Factors Influencing Succession
Environmental Factors
Local environmental conditions shape which species can establish and how fast succession proceeds:
- Climate (temperature, precipitation, seasonality) determines the pool of species that can survive at a site.
- Soil characteristics like texture, pH, and nutrient content control which plants can establish. Acidic soils favor different species than alkaline ones.
- Topography matters more than you might expect. A north-facing slope stays cooler and moister than a south-facing slope at the same elevation, and the two can follow noticeably different successional paths.
- Elevation affects temperature and precipitation patterns, which is why succession on a mountaintop looks very different from succession in a valley.
Disturbance Regimes
Disturbances aren't just interruptions to succession; they're a normal part of how ecosystems function. What matters is their frequency, intensity, and scale.
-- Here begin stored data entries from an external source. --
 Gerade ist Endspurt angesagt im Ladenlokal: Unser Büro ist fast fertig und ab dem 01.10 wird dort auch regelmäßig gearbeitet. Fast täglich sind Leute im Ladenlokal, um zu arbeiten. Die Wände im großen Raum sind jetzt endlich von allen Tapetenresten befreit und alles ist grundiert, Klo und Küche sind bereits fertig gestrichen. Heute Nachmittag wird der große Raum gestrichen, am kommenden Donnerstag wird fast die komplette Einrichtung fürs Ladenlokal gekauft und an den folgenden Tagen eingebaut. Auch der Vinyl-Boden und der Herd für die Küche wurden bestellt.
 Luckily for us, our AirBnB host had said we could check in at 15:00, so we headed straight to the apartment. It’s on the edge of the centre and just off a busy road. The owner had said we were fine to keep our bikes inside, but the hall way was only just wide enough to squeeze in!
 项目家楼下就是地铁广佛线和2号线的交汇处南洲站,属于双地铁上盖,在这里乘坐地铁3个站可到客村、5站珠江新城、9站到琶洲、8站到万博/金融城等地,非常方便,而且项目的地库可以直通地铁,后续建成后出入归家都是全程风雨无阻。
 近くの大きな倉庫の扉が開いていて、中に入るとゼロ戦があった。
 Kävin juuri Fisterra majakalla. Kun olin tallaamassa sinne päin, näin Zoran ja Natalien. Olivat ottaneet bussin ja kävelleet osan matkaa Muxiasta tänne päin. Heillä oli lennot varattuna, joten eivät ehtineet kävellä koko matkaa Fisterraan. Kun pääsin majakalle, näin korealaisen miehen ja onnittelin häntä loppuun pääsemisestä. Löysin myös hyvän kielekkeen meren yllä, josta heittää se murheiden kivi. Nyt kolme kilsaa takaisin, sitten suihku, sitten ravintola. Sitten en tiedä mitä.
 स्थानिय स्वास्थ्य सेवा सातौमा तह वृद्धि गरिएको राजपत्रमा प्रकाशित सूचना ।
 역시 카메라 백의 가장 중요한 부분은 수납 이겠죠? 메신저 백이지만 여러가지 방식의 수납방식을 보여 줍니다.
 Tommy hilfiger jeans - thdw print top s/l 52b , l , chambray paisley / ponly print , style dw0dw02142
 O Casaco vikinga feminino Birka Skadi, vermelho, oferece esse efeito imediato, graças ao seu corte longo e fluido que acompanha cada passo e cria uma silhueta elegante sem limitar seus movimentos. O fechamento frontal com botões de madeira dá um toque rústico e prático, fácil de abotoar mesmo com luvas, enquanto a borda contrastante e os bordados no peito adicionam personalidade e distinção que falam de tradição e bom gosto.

- Frequent, low-intensity disturbances (like regular ground fires) can maintain an ecosystem in a mid-successional state rather than letting it reach climax.
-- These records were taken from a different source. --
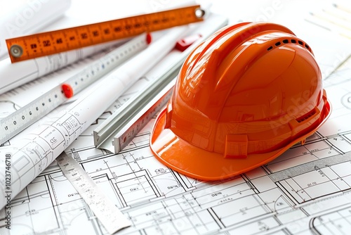 Hard hat, blueprints, and rulers isolated on a pristine white backdrop
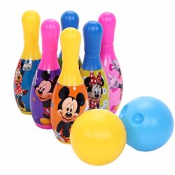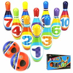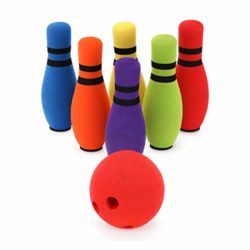 This bowling toy set is made with food grade soft foam material,the pins and ball are weighty,but not too much to cause destruction of other items in the house.This
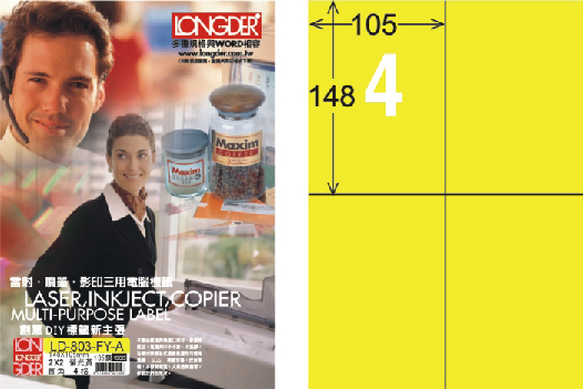 商品名稱:龍德 LD-803-FY-A A4雷射影印標籤 螢光黃 / 盒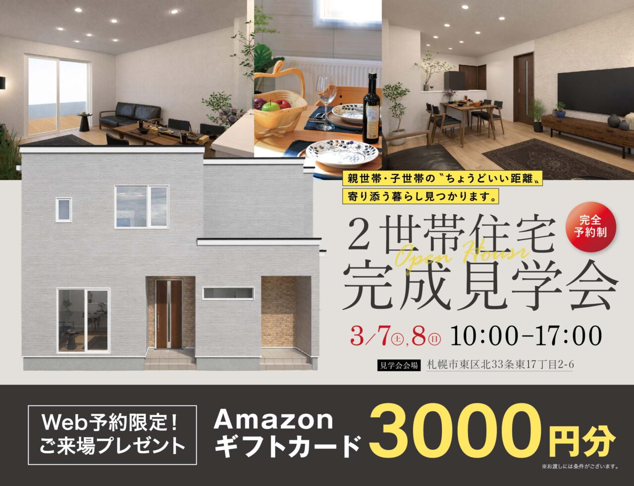 〈完全予約制〉「バリアフリー設計の2世帯住宅」完成見学会🏠3/7、8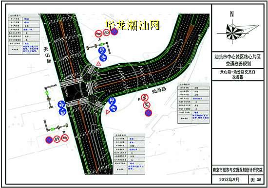 在重点改善工作方面,天山路环岛成为一个典型节点需进行改善。由于天山路-汕汾路交叉口现状为环岛组织方式,该节点也是澄海区、广厦片区出行所需的重要路段。所以每到上下班高峰,加上环岛占地面积较大,绕行严重,造成附近道路交通秩序混乱、拥堵严重。对此,规划调查后建议改环岛为“T”型交叉口,并提出了两个改造方案。方案一是天山路方向为直行方向,与汕汾路正交形成T型交叉口;方案二则将天山路至汕汾路方向为直行方向,并与天山北路形成正交T型交叉口。两种方案都将缩小交叉口规模,且采用信号控制。这样一来,天山路南北方向可各增加一条车道,而非机动车也可分隔行驶。规划建议该项改造工作在今年内启动。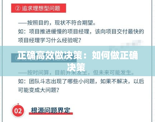 正确高效地做出决策是一个复杂的过程,需要我们在信息收集、目标明确、逻辑分析和心理素质等多方面进行努力。通过不断提升自己的决策能力,我们能够更好地应对挑战,实现个人和团队的目标。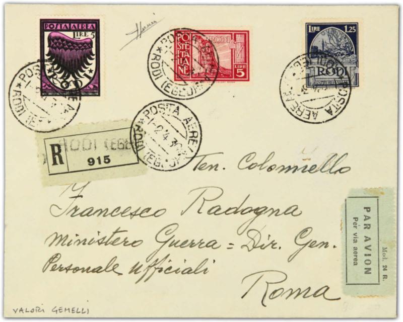 1936, registered cover bearing 5 Lire pictorial issue of 1932 issue and 5 lire of airmail issue of 1934 tied by Rodi Aerea postmarks sent to Roma with registration and "Par Avion" labels (Image)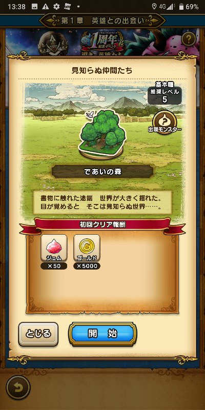 1周年記念イベント導きの英雄たちストーリークエスト第1章見知らぬ仲間たちに挑戦しました。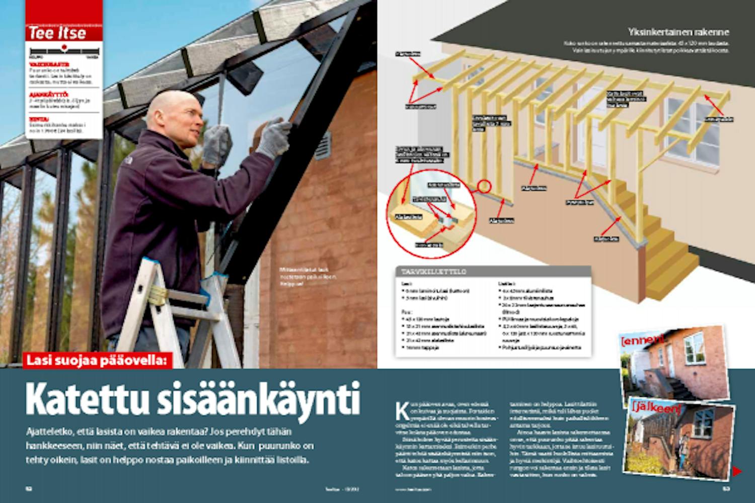 Sisäänkäynnin katon pitäisi olla turvalasia, joka ei sirpaloidu, jos se rikkoutuu. Esimerkissä käytetään 6 mm laminoitua lasia. Se koostuu kolmesta kerroksesta: 3 mm lasia, kirkas 0,38 mm kalvo ja toiset 3 mm lasia. Koska lasit on liimattu kalvon molemmin puolin, koko rakenne toimii kuten turvalasi.

- Some species are adapted to specific disturbance regimes. For example, lodgepole pines have serotinous cones that stay sealed shut until the heat of a fire melts the resin, releasing seeds onto freshly cleared ground.
- Flooding frequency shapes succession in riparian zones, favoring species that tolerate periodic inundation.
Biotic Interactions
Organisms don't just respond to succession; they drive it.
- Facilitation: Some species modify the environment in ways that help later species establish. Nitrogen-fixing alders improve soil fertility, making it possible for other trees to grow. Nurse plants in deserts provide shade and moisture that seedlings need to survive.
- Competition: As resources become limited, competitive species outcompete early colonizers, shifting community composition.
- Herbivory: Heavy grazing or browsing can slow succession by killing young plants, while reduced herbivory can speed it up.
- Symbioses: Mycorrhizal fungi form partnerships with plant roots, dramatically improving nutrient uptake. Plants with strong mycorrhizal networks often establish more successfully during succession.
Human Interventions
Humans are now one of the most powerful forces shaping succession.
- Prescribed burning maintains fire-dependent ecosystems like longleaf pine savannas, preventing succession from converting them to closed-canopy forest.
- Ecological restoration projects actively guide succession by planting native species, removing invasives, and restoring soil conditions.
- Invasive species can derail succession entirely. A fast-spreading invasive grass, for example, can dominate a site and prevent native shrubs and trees from establishing.
- Abandoned agricultural fields undergo secondary succession, but the direction depends heavily on what's in the soil. Fields with depleted, compacted soil and non-native seed banks may follow very different trajectories than fields abandoned with richer soil.